Activity: Find the line containing "ผ้าห่มขนแกะเนื" in the material below, then please transcribe it and each line after it exactly, without the pictures.

Data shown:
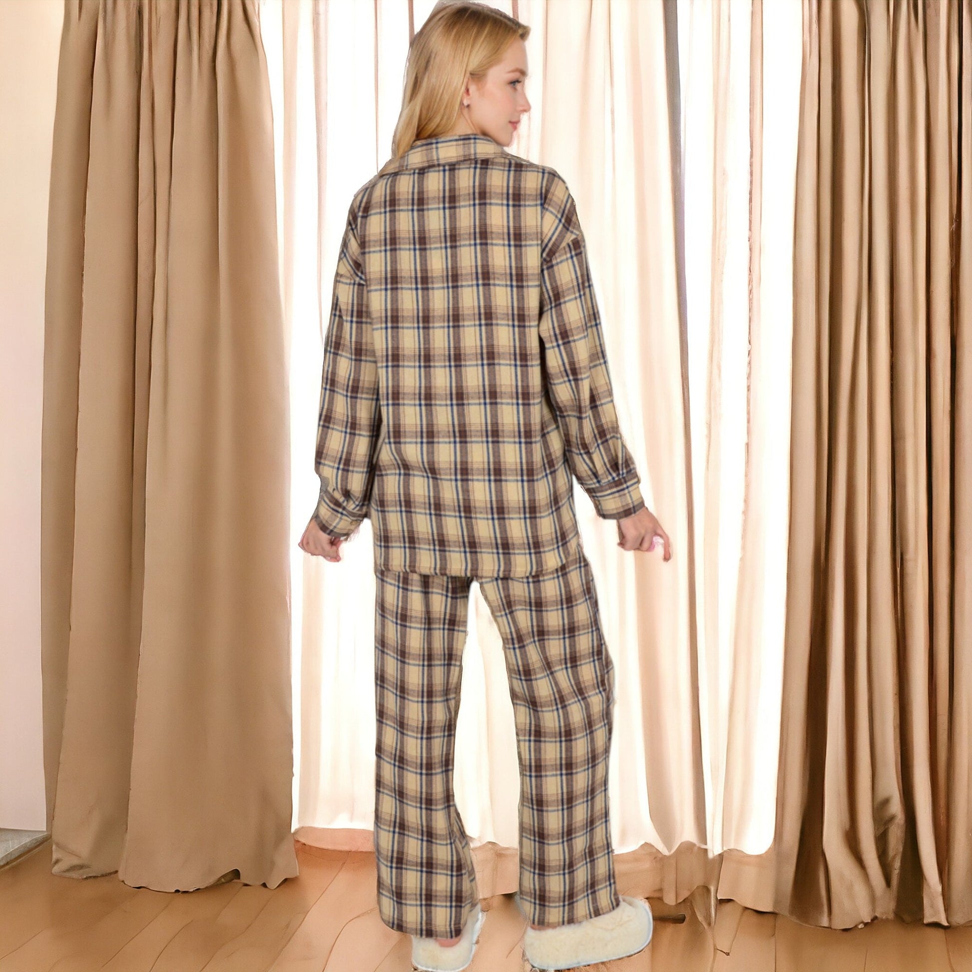 Plaid Lounge Set with Button-Up Shirt and Elastic Waist Pants
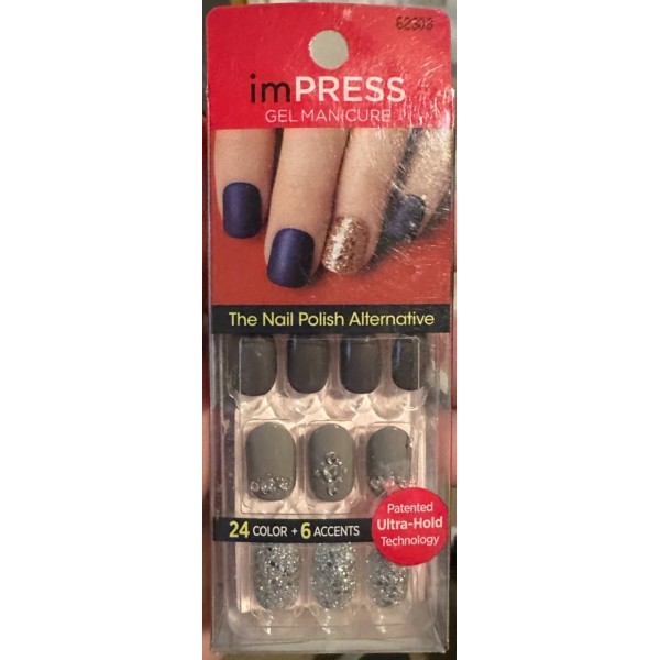 Impress! Impress Gel Manicure Press on Nails Short Gray Jewel accent silver glitter oval
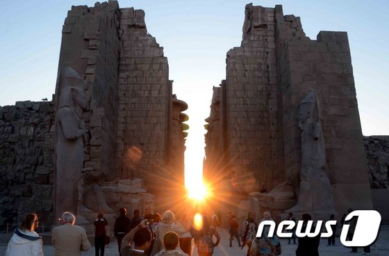 (룩소르 AFP=뉴스1) 우동명 기자 = 22일 (현지시간) 이집트 룩소르의 동지 해가 카르나크 신전 뒤로 떠오르고 있다. 카르나크 신전은 이집트의 가장 위대한 신으로 유명한 아몬 신에게 바쳐진 것으로 알려졌다.
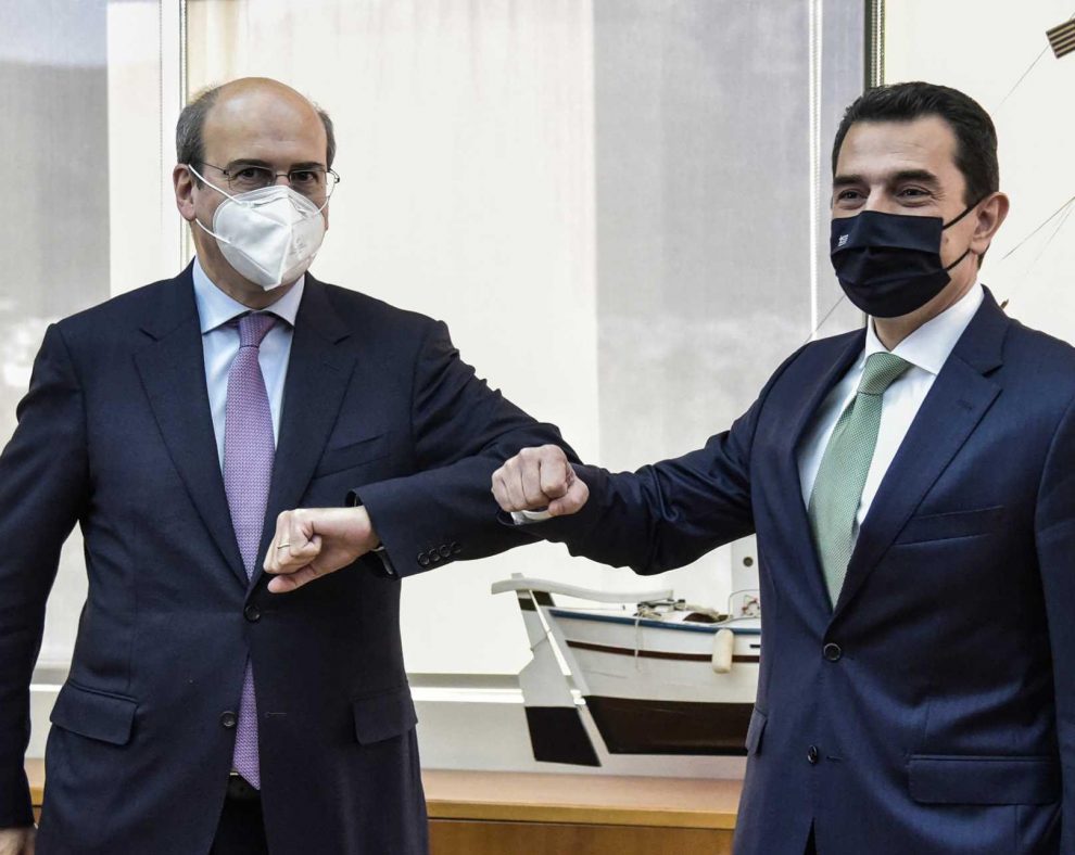 Ολοκληρώθηκε νωρίς το μεσημέρι η τελετή παράδοσης-παραλαβής στο Υπουργείο Ενέργειας και Περιβάλλοντος.
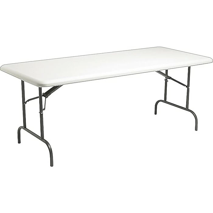 Set up for events quickly and handle temporary demands with this commercial-grade folding table. Featuring a blow-molded high-density-polyethylene surface and durable round tubing legs, this table supports up to 1,200 pounds of evenly distributed weight and easily withstands dents and scratches. This ICEBERG IndestrucTableTOO 1200 Series table offers easy portability with its lightweight construction and takes up minimal storage space thanks to the folding design.
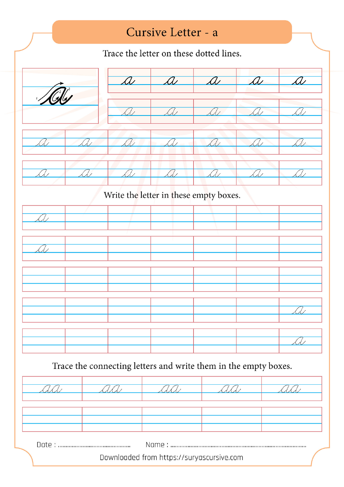 Cursive Letter - a Trace the letter on these dotted lines. a a a a a a a a a a a a a a a a a a a a a a a a Write the letter in these empty boxes. a a a a Trace the connecting letters and write them in the empty boxes. aa aa aa aa aa Date : Name : Downloaded from https://suryascursive.comCursive Letter - b Trace the letter on these dotted lines. b b b b b b b b b b b b b b b b b b b b b b b Write the letter in these empty boxes. b b b b Trace the connecting letters and write them in the empty boxes. bb bb bb bb bb Date : Name : Downloaded from https://suryascursive.comCursive Letter - C Trace the letter on these dotted lines. D Write the letter in these empty boxes. Trace the connecting letters and write them in the empty boxes. Date : Name : Downloaded from https://suryascursive.comCursive Letter - d Trace the letter on these dotted lines. d d d d d d d d d d d d d d d d d d d d d d Write the letter in these empty boxes. d d d d Trace the connecting letters and write them in the empty boxes. dd dd dd dd dd Date : Name : Downloaded from https://suryascursive.comCursive Letter - e Trace the letter on these dotted lines. 2 e e e e e l Write the letter in these empty boxes. Trace the connecting letters and write them in the empty boxes. Date : Name : Downloaded from https://suryascursive.comCursive Letter - Trace the letter on these dotted lines. 2 of f f f f f 3 f f f of of of f of Write the letter in these empty boxes. of of Trace the connecting letters and write them in the empty boxes. off off Date : Name : Downloaded from https://suryascursive.comCursive Letter - g Trace the letter on these dotted lines. g g g g g g g g g g g g g g g g g g g g g g g g Write the letter in these empty boxes. g g g g Trace the connecting letters and write them in the empty boxes. gg gg gg gg gg : Name : Downloaded from https://suryascursive.comCursive Letter - h Trace the letter on these dotted lines. h h h h h h h h h h h h h h h h h h h h h h h h Write the letter in these empty boxes. h h h h Trace the connecting letters and write them in the empty boxes. hh hh hh hh hh Date : Name : Downloaded from https://suryascursive.comCursive Letter - i Trace the letter on these dotted lines. 3 i i i i i Write the letter in these empty boxes. Trace the connecting letters and write them in the empty boxes. Date : Name : Downloaded from https://suryascursive.comCursive Letter - j Trace the letter on these dotted lines. 3 j j j j J j J j j j j j Write the letter in these empty boxes. J Trace the connecting letters and write them in the empty boxes. Date : Name : Downloaded from https://suryascursive.comCursive Letter - k Trace the letter on these dotted lines. 2 k k k k k 1 k k k k k k k k k k k k k k k k Write the letter in these empty boxes. k k k Trace the connecting letters and write them in the empty boxes. kk kk kk Date : Name : Downloaded from https://suryascursive.comCursive Letter - 1 Trace the letter on these dotted lines. l l l l l l l l l l l l l l l l l l l Write the letter in these empty boxes. l l l l Trace the connecting letters and write them in the empty boxes. ll ll ll ll ll Date : Name : Downloaded from https://suryascursive.comCursive - m Trace the letter on these dotted lines. m m m m m 2 3 m m m m m m m m Write the letter in these empty boxes. m m Trace the connecting letters and write them in the empty boxes. mm mm mm mm mm Date : Downloaded from https://suryascursive.comCursive Letter - n Trace the letter on these dotted lines. 2 M M M M M M M M M M M M M M Write the letter in these empty boxes. M M M Trace the connecting letters and write them in the empty boxes. mn mn Date : : Downloaded from https://suryascursive.comCursive Letter - o Trace the letter on these dotted lines. 3 D D D D D D D D D D Write the letter in these empty boxes. D D Trace the connecting letters and write them in the empty boxes. Date : Name : Downloaded from https://suryascursive.comCursive Letter - Trace the letter on these dotted lines. 2 p p p p p for Write the letter in these empty boxes. Trace the connecting letters and write them in the empty boxes. pp pp pp : Name : Downloaded from https://suryascursive.comCursive Letter - q Trace the letter on these dotted lines. q q q q q q q q q q q q q q q q q Write the letter in these empty boxes. q q q Trace the connecting letters and write them in the empty boxes. Date : Name : Downloaded from https://suryascursive.comCursive Letter - r Trace the letter on these dotted lines. 2 r r r r r Write the letter in these empty boxes. r Trace the connecting letters and write them in the empty boxes. Date : Name : Downloaded from https://suryascursive.comCursive Letter S Trace the letter on these dotted lines. Write the letter in these empty boxes. & Trace the connecting letters and write them in the empty boxes. Date : Name : Downloaded from https://suryascursive.comCursive Letter - t Trace the letter on these dotted lines. t t t t t t t t t t t t t t t t t t Write the letter in these empty boxes. t t t t Trace the connecting letters and write them in the empty boxes. it it it it Date : Name : Downloaded from https://suryascursive.comCursive Letter u Trace the letter on these dotted lines. M M M M M M M M Write the letter in these empty boxes. M M M Trace the connecting letters and write them in the empty boxes. Date : Downloaded from https://suryascursive.comCursive Letter - V Trace the letter on these dotted lines. 2 Write the letter in these empty boxes. Trace the connecting letters and write them in the empty boxes. Date : Name : Downloaded from https://suryascursive.comCursive Letter - W Trace the letter on these dotted lines. 2 w w w w w w w w w w w w w w w Write the letter in these empty boxes. w w w Trace the connecting letters and write them in the empty boxes. Date : Downloaded from https://suryascursive.comCursive Letter - X Trace the letter on these dotted lines. x x x x x Write the letter in these empty boxes. Trace the connecting letters and write them in the empty b
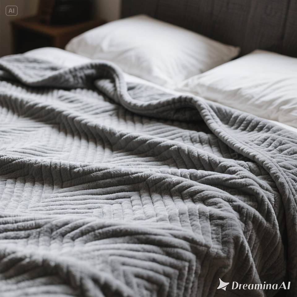 ผ้าห่มขนแกะเนื้อนุ่มดีไซน์เป็นลายนูนมีเส้นสีเทาขนาดควีนไซส์หรูหรา
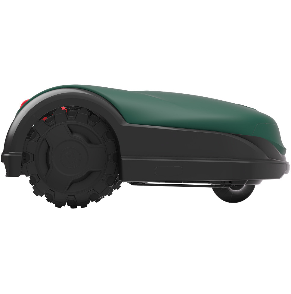 Această mașină robot de tuns iarba este alimentată de o pereche de motoare independente, puternice, fără carbon, care au fost atent selectate și testate riguros pentru o durată lungă de viață. Motoarele sunt echipate cu cutii de viteze special concepute pentru munca grea pe terenuri accidentate. Totul este completat de roți brevetate, care au fost proiectate pentru a se deplasa cât mai bine pe terenurile cu iarbă și pentru a asigura o anumită mișcare a mașinii robot pe suprafețe inegale. Ca set, este foarte puternic, ceea ce este confirmat de faptul că mașina robot poate face față pantelor de până la 45% .
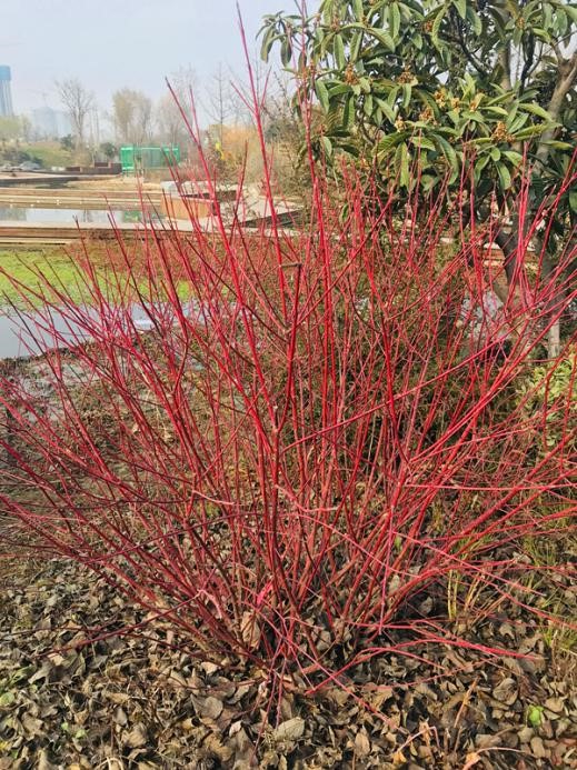 红叶红花都很常见,红色的枝干着实不多。其实无论哪个部分,植物呈现出来的红色都有一个共同的物质基础,就是细胞液里由葡萄糖变成的花青素,酸性的花青素会把红色的长光波反射出来,映入视线就是相应的颜色。
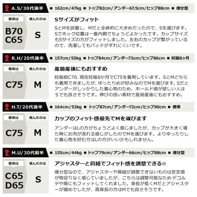 - リピートして購入しています。つけ心地が楽で、後ろホックなのでつけやすくて、ずっと使ってます。
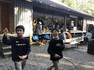 「そっちの材料も見せてね。」と言ったら、駆け寄ってきて、笹とウラジロをカメラに押しつけてきました。なかなかヤンチャです。

Output for this task:
 ผ้าห่มขนแกะเนื้อนุ่มดีไซน์เป็นลายนูนมีเส้นสีเทาขนาดควีนไซส์หรูหรา
 Această mașină robot de tuns iarba este alimentată de o pereche de motoare independente, puternice, fără carbon, care au fost atent selectate și testate riguros pentru o durată lungă de viață. Motoarele sunt echipate cu cutii de viteze special concepute pentru munca grea pe terenuri accidentate. Totul este completat de roți brevetate, care au fost proiectate pentru a se deplasa cât mai bine pe terenurile cu iarbă și pentru a asigura o anumită mișcare a mașinii robot pe suprafețe inegale. Ca set, este foarte puternic, ceea ce este confirmat de faptul că mașina robot poate face față pantelor de până la 45% .
 红叶红花都很常见,红色的枝干着实不多。其实无论哪个部分,植物呈现出来的红色都有一个共同的物质基础,就是细胞液里由葡萄糖变成的花青素,酸性的花青素会把红色的长光波反射出来,映入视线就是相应的颜色。
 - リピートして購入しています。つけ心地が楽で、後ろホックなのでつけやすくて、ずっと使ってます。
 「そっちの材料も見せてね。」と言ったら、駆け寄ってきて、笹とウラジロをカメラに押しつけてきました。なかなかヤンチャです。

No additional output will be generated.